Sur l’article 700 du Code de procédure civile
Compte tenu de l’affectation des dépens, le demandeur sera débouté de sa demande de dédommagement au titre de l’article 700 du Code de procédure civile.
PAR CES MOTIFS
Nous, Juge des contentieux de la protection près le tribunal judiciaire, statuant publiquement en référé, par ordonnance contradictoire et en premier ressort, prononcée par mise à disposition au greffe,
DECLARONS recevable la demande en référé de l’O.P.H. 13 HABITAT,
RECEVONS partiellement l’O.P.H. 13 HABITAT en ses demandes,
CONDAMNONS M. [W] [E] à payer à l’O.P.H. 13 HABITAT la somme provisionnelle de 859.01 euros, somme assortie d’intérêts au taux légal à compter du 25 novembre 2024.

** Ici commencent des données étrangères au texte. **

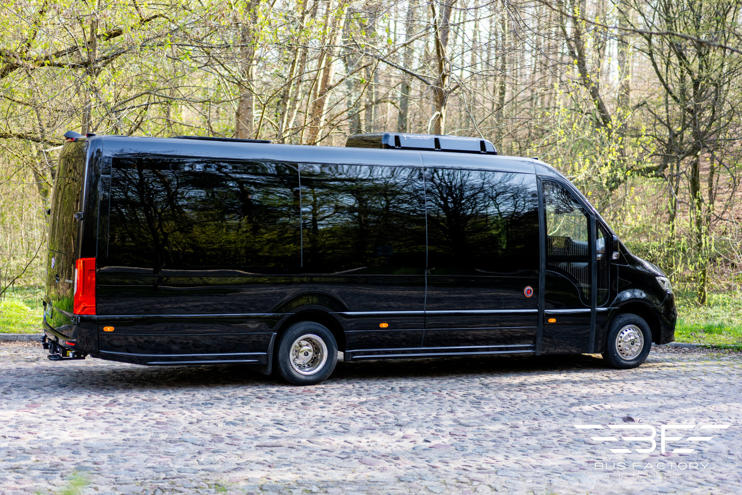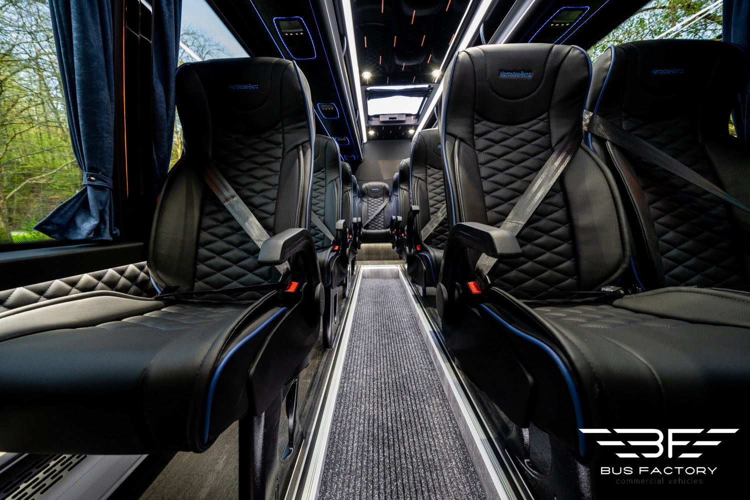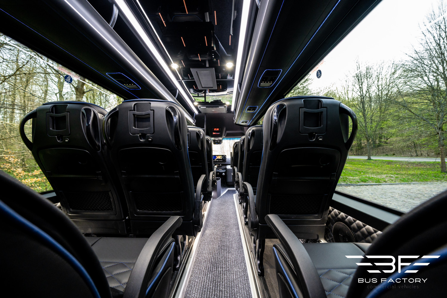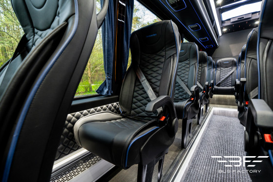 Mercedes Benz Sprinter 519 XXL in der Version „Luxury Line” mit einer Sitzplatzkonfiguration von 20+1 Sitzen. Eine reichhaltige Innenausstattung, moderne Lösungen und zertifizierte Systeme garantieren Ihren Kunden eine sichere und komfortable Reise.
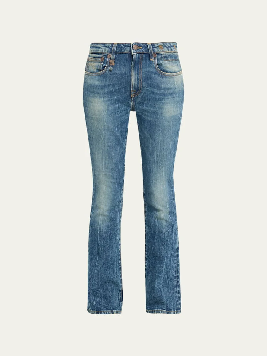 R13 "Kick Fit" jeans in faded mediumwash denim Fivepocket style Mid rise Slim fit Ankle length Button/zip fly; belt loops Cotton/elastane Made in Italy
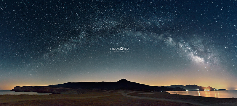 sempre molto spettacolari queste visioni della via lattea ad arco. il paesaggio minimale accentua i caratteri di spettacolarità del cielo.
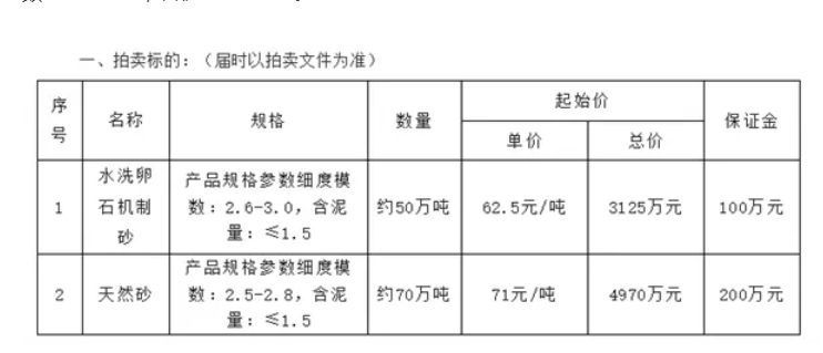 其中,拍賣水洗卵石機(jī)制砂資源約50萬噸,起始單價62.5元/噸,總價3125萬元,要求產(chǎn)品規(guī)格參數(shù)細(xì)度模數(shù):2.6-3.0,含泥量:≤1.5;
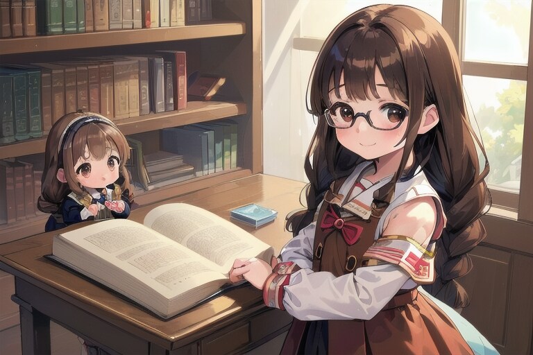 特に「1girl」とか指定してない時に人なのか何なのか、時々変な物体が一緒に生成されてくるときがありますが今回なぜか妙に可愛い物体が生成されてきたので「書庫の妖精さん」というキャラクターにしてみました。余裕があったらきちんとした妖精さんも作って見たいかも。

CONSTATONS l’acquisition, au 7 janvier 2025, de la clause résolutoire figurant au contrat de location du 19 octobre 2023,
AUTORISONS M. [W] [E] à s’acquitter, outre le loyer et les charges courants, de la dette de 859.01 euros en 17 mensualités de 50 euros en capital chacune, une 18ème mensualité venant payer le capital restant et les intérêts calculés depuis le 25 novembre 2024 sur le capital restant dû tous les mois,
PRÉCISONS que chaque mensualité devra être payée en même temps que le loyer et les charges, ce à compter du premier mois qui suivra la signification de la présente ordonnance,
SUSPENDONS l’effet de la clause résolutoire pendant le cours des délais accordés,
DISONS que si les délais accordés sont entièrement respectés, la clause résolutoire sera réputée n’avoir jamais été acquise,
DISONS qu’en revanche, toute mensualité, qu’elle soit due au titre du loyer et des charges courants ou de l’arriéré, restée impayée sept jours après la réception d’une mise en demeure par lettre recommandée avec avis de réception, justifiera :
— que la clause résolutoire retrouve son plein effet et que donc le contrat de location soit résilié au 7 janvier 2025,
— que l’intégralité de la dette redevienne immédiatement exigible,
— qu’à défaut, pour M. [W] [E], d’avoir volontairement libéré le logement dans les deux mois de la délivrance d’un commandement de quitter les lieux, l’O.P.H. 13 HABITAT puisse faire procéder à son expulsion ainsi qu’à celle de tous occupants éventuels de son chef des lieux au bâtiment B de la cité Saint-Eloi, situé rue Claude Debussy à Châteaurenard (13160), avec le concours d’un serrurier et de la force publique si nécessaire, et puisse faire transporter les meubles et objets mobiliers éventuellement laissés dans les lieux dans tel garde-meubles de son choix aux frais et risques de(s) l’expulsé(s),
— que M. [W] [E] soit condamné à verser à l’O.P.H. 13 HABITAT une indemnité d’occupation, égale au loyer courant indexé selon les termes du contrat de bail résilié et aux charges courantes qui auraient été dus en l’absence de résiliation du bail, pour toute période comprise entre le 1er mai 2025 et la date de libération effective et définitive des lieux et de restitution des clés,
DEBOUTONS l’O.P.H. 13 HABITAT de sa demande au titre des dispositions de l’article 700 du Code de procédure civile,
LAISSONS les entiers dépens de l’instance à la charge de l’O.P.H. 13 HABITAT, en ce compris le commandement de payer,
RAPPELONS que la présente ordonnance est exécutoire à titre provisoire, frais et dépens compris.
AINSI JUGE ET PRONONCE EN AUDIENCE PUBLIQUE LES JOUR, MOIS ET AN SUSDITS.